3.3. Therapists’ Assessment of Hand Functions

The therapists’ assessment of each task performed by each participant, assigned scores of 0 or 1, were as follows: (A) finger mass flexion, 4/28; (B) finger mass extension, 5/27; (C) thumb radial abduction, 7/25; (D) thumb-index finger pinch, 8/24; (E) cylindrical grasp, 6/26; (F) spherical grasp, 8/24; (G) index-middle finger flexion, 22/10; (H) thumb-index finger extension, 11/21; and (I) finger mass abduction/adduction: 12/20. The rate of agreement among the therapists’ assessments for each task were as follows: (A) finger mass flexion, 99.0%; (B) finger mass extension, 99.0%; (C) thumb radial abduction, 98.0%; (D) thumb-index finger pinch, 94.8%; (E) cylindrical grasp, 91.7%; (F) spherical grasp, 92.7%; (G) index-middle finger flexion, 90.6%; (H) thumb-index finger extension, 92.7%; and (I) finger mass abduction/adduction: 92.7%.

3.4. ROC Curves

The ROC curves were constructed for each task, using the measured values obtained from the Fahrenheit recordings as the dependent variable, and the BRS assessment as the independent variable. AUC analysis indicated that all tasks had significant AUC values (Figure 4 and Table 3). The cutoff value for each measured value of the tasks recorded with Fahrenheit were calculated from the coordinate points on the ROC curve using the Youden index. These results were highly accurate for the following three tasks: (A) finger mass flexion, (B) finger mass extension, and (C) thumb radial abduction, and moderately accurate for the following six tasks: (D) thumb-index finger pinch, (E) cylindrical grasp, (F) spherical grasp, (G) index-middle finger flexion, (H) thumb-index finger extension, and (I) finger mass abduction/adduction (Figure 4). The comparison of the ROC curves of the Fahrenheit and the therapists’ BRS assessments, using DeLong’s test, only showed statistically significant differences in (F) spherical grasp (Z = 1.9739, p = 0.0484), but not in the other tasks (Z = −1.4434–1.946; all p-values > 0.05).

4. Discussion

In this study, we investigated the predictive ability of the newly developed Fahrenheit in accordance with the BRS criteria and the derived cutoff values. The AUC analyses showed high predictability for the nine tasks recorded with Fahrenheit (all AUC values ≥ 0.7), which is comparable to the therapists’ assessments. These results indicate that all tasks recorded by Fahrenheit can be used to evaluate hand impairment after CeVD, similar to the BRS assessment.
Instruments using Microsoft Kinect version 2 as infrared cameras, which assess the synergistic patterns and muscle contractions of the upper limbs of CeVD patients, have been reported in previous studies [17,18]. One study, which developed the automated FMA tests, showed that both “finger mass flexion” and “finger mass extension” were measured by infrared cameras, but the other hand function items, such as “cylindrical grasp” or “spherical grasp” were measured by pressor sensors [18]. The agreement rate of each “finger mass flexion” and “finger mass extension” between the automated and original FMA tests were 66.7% and 88.9%, respectively [18]. In the present study, the agreement rate of each “finger mass flexion” (93.3%) and “finger mass extension” (93.3%) between the Fahrenheit and BRS were higher than those between the automated and original FMA tests.
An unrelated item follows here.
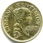 5 сентимо | 18,6 | 1,4 | 2,5 | латунь | 1967 1968 1970 1972 1974 | |

Other studies did not measure all hand function items using infrared cameras [17,19]. The virtual reality and hand tracking system, using the LMC, have been able to evaluate and classify tremors in patients with Parkinson’s disease in two recent studies [20,21]. No instrument has used infrared cameras to assess the synergistic patterns and muscle contractions in the hand function of patients with CeVD, other than Fahrenheit, described in the present study.
A systematic review of movement quality in robot-assisted upper limb rehabilitation reported the various parameters of kinematic assessments with statistically significant outcomes, but there was a controversial correlation between the various parameters of kinematic and clinical assessments for hand impairment in patients with CeVD [22]. Since Fahrenheit was developed based on the clinical assessment of hand motor function after CeVD, it may have clinical application as a clinical instrument to assess hand impairment in CeVD patients. The clinical utility of Fahrenheit is demonstrated by the significance of the differences in numeric values derived by Fahrenheit versus the therapists, according to the BRS assessment. The BRS assessment is not conducive to identifying subtle differences in hand motor function within each stage, although the BRS assessment is widely used in clinical rehabilitation. Fahrenheit enables more finely graded measurement by recording movements in the range of 0 to 1 with a temporal resolution of 60 Hz, from movement initiation to maximum attainment, and can potentially obtain clinically useful information for a therapist about hand motor recovery in patients post-CeVD. As a result, it may serve as a measurement instrument that will lead to the development of new methods of intervention for rehabilitation.
The Fahrenheit prediction accuracy as inferred from the AUC was low (0.77) for the index-middle finger flexion, similar to the agreement rate among the three therapists’ assessments. This movement is used to assess whether, starting from a position in which all fingers are extended, the radial index and middle fingers can move separately from the ulnar ring and little fingers. This would influence the functional restriction of the anatomy of the flexor digitorum profondus muscle (FDP) and common digital extensor muscle (CDE). The FDP, which is a protagonist muscle during flexing of the DIP joints, originates radially from the palmar side of the interosseous membrane. The ulnar portion of FDP originates from the ulnar and palmar sides. The radial portion forms the FDP tendon of the index finger, whereas the ulnar portion first forms one tendon and then divides into three tendons after reaching the distal end of the forearm. Then, each forms the FDP tendons of the middle, ring, and little fingers, which are jointed into the distal phalanges. Thus, in the middle, ring, and little fingers, if a DIP joint of the adjacent fingers is extended, the contraction of the muscle originating from the ulnar portion is restricted; thus, it is difficult or impossible to achieve the DIP flexion angle of the middle finger during the index-middle finger flexion task.
The CDE is an extrinsic finger extensor muscle, which is located in the posterior forearm, and gradually transitions into four tendons attached to the dorsal side of the middle and distal phalanges of the four fingers (from index to little fingers). These CDE tendons do not remain fully separated from one another and have an intertendinous connection. As a result, the extension of one finger can be influenced by the position of the other fingers. Thus, in this position, it is difficult or impossible to extend the ring finger at the MCP joints during this task. Therefore, it is necessary to develop a system in the future that can be used in accordance with individual differences in the FDP and CDE.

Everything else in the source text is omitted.